General information
- Type: Single-seat sailplane
- National origin: United Kingdom
- Manufacturer: E. T. W. Addyman at Harrogate
- Designer: E. T. W. Addyman
- Number built: 1

History
- First flight: 1933

= Addyman Zephyr =

One-off, British single seat sailplane, 1933

The Addyman Zephyr was a one-off, single-seat sailplane designed and built by Erik Addyman in the UK for his own use in the 1930s.

==Design==

Erik Addyman designed and built the single-seat Zephyr, his first design, in 1933. It was intended as a light wind sailplane, combining a wing of modest aspect ratio with a nacelle cockpit and an open truss girder fuselage of the kind more common on primary gliders. It was a wooden-structured, largely fabric-covered aircraft.

The two-spar wing had a straight leading edge and constant chord out to a little over half span, where the trailing edges of the ailerons, hinged at a slight angle to the spar, curved inwards to the wingtips. It was braced from above with pairs of wires from the spars to a central, inverted V-strut pylon and below by wires to the lower nacelle longerons. There were no flaps or air brakes. The central wing rib was continued rearward with the upper member of the open, flat, converging Warren girder fuselage, whose lower member joined the keel of the plywood- and fabric-covered nacelle just aft of the wing trailing edge. This placed the open single cockpit just forward of the wing leading edge. A central keel skid formed the main undercarriage, with assistance from a tail bumper. A narrow-span, triangular tailplane, wire braced above and below, carried longer-span elevators with rounded tips and a cut-out for the deep, rounded rudder hinged to small, triangular fin.

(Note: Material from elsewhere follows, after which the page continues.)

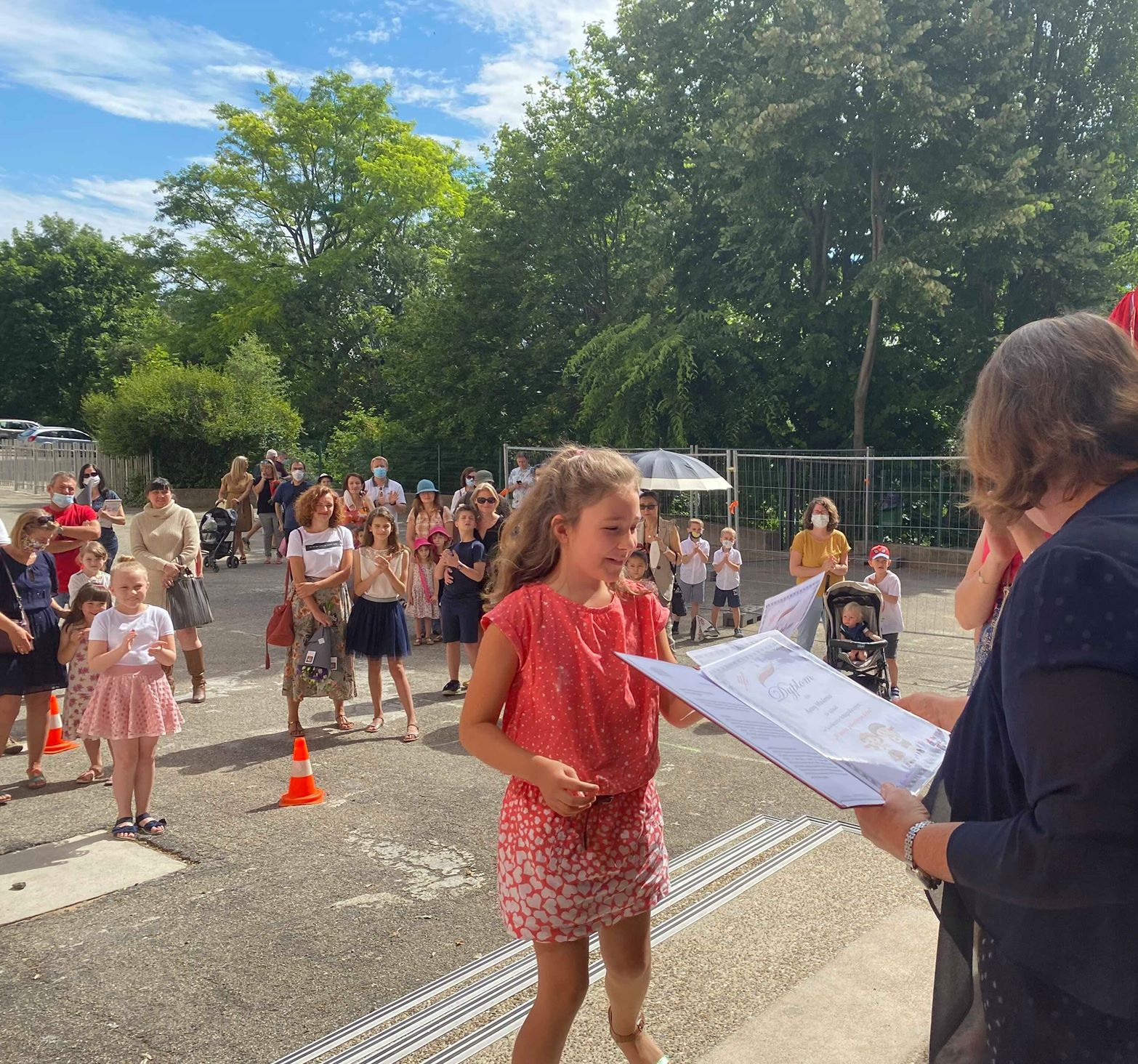 Zapraszamy bardzo serdecznie na krótką fotorelację z zakończenia roku szkolnego w naszej szkole. Odbyło się ono nieco inaczej niż w latach poprzednich na szkolnym podwórku z zachowaniem wszystkich niezbędnych środków ostrożności. Na wstępie Pani Kierownik Elżbieta Blachas podsumowała ten wyjątkowy rok szkolny dziękując wszystkim uczniom, nauczycielom oraz rodzicom za wytrwałość i szczególne zaangażowanie w czasie nauczania zdalnego. Rada Rodziców przekazała również całemu gronu pedagogicznemu serdeczne gratulacje i podziękowania za cały rok wytrwałej pracy. Następnie każdy laureat i uczestnik konkursu „W moim polonijnym domu” otrzymał z rąk Pani Kierownik dyplom oraz nagrodę rzeczową.

The Zephyr flew for the first time in 1933.

==Operational history==
Only one Zephyr was built. Based at Harrogate, where Addyman was honorary secretary of the Aircraft Club, it was often launched with a tow from a horse. He flew it from many fields in central and north-western England up to the early part of World War II; from 1940 there was a government ban on recreational glider flying. The Zephyr seems not to have flown again, though substantial parts of it still (2010) exist in store.